Additionally, the study will document the
habitat characteristics (including but not
limited to temperature regime, substrate type,
structure, plant species and density) of all
areas affected by the remedy and identify any
fish and wildlife concentration areas.
Collected data would be used to determine
the habitats affected by the remedy, any
actions necessary to eliminate or minimize
impacts to listed species, measures needed to
protect existing habitats, and develop design
specifications for the replacement and
recovery of the all affected habitats following
the remedy.
• B) Identification of habitat recovery material
over capped areas and/or return to grade.
Placement of clean substrate on top of the
cap to allow for habitat re-establishment and
species use, except where the material placed
for the cap would be of sufficient quality and
thickness to allow for omitting an additional
habitat layer. The design of the thickness of
the habitat layer of the cap should consider, in
addition to other things, the potential for
burrowing animals to compromise the integrity
of the cap. The habitat recovery material
would be free of contaminants and would not
require significant maintenance once habitat
has been re-established. After placement of
the habitat recovery material, the initial grade
should be returned in near shore areas and
main channel areas should be returned to a
stable condition.

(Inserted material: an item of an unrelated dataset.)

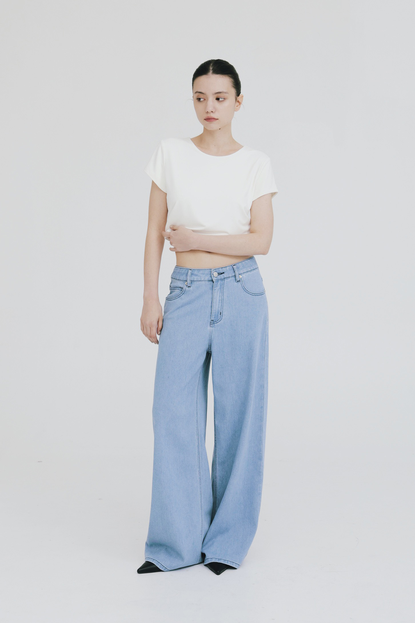 不對稱斜襠落地寬褲(霧灰)

The most appropriate
substrate type will be determined based on
the information collected during the habitat
assessment and may vary depending on
habitat re-establishment and species
requirements or habitat reconstruction goals.
• C) Design for restoration of vegetation. In
areas disturbed by the remedy or
implementation of the remedy, vegetation
would be re-established through a mixture of
appropriate active planting and seeding and
passive measures to allow for healthy and
diverse habitat. Vegetation placement would
be determined during the design; and
• D) Monitoring habitat and biota recovery. A
monitoring plan would assess the success of
habitat re-construction materials, plantings,
and recovery of biota. The monitoring plan
would include baseline sampling and
corrective actions pertaining to habitat
reconstruction, should they be necessary.
Additionally, monitoring of PCBs in biota
would be conducted to track the success of
the remedy in reducing PCBs in the areas
affected by the remedy. Monitoring would be
specifically designed to track changes in PCB
concentrations in aquatic and semi-aquatic
species relevant to the Site;
• Air monitoring to ensure that remedy
implementation is protective; and
• Institutional controls, such as the fish consumption
advisories and restrictions on activities that could
compromise the integrity of the cap (such as
anchoring which can disturb the cap).
This alternative includes 59 acres of armored cap,
approximately 225 acres of main channel cap,
approximately 109,000 in-situ cy of sediment dredging in
the near shore, and 41 acres backfilled to grade. Most of
the dredged material (up to about 100,000 cy) would be
disposed in the on-site permitted Secured Landfill. During
the design, the design team will evaluate the feasibility of
expanding the on-site Secured Landfill to accommodate
approximately 9,000 additional cy of dredged material.
The design team also will consult with the appropriate
state and federal permitting authorities regarding
substantive requirements for such expansion. In the event
that it is not feasible to expand the existing on-site landfill,
the additional 9,000 cy of dredged material will be
disposed at an off-site permitted TSCA/RCRA landfill.
Based on current information, the 59-acre main channel
area estimated for armored capping is from T1 to T21.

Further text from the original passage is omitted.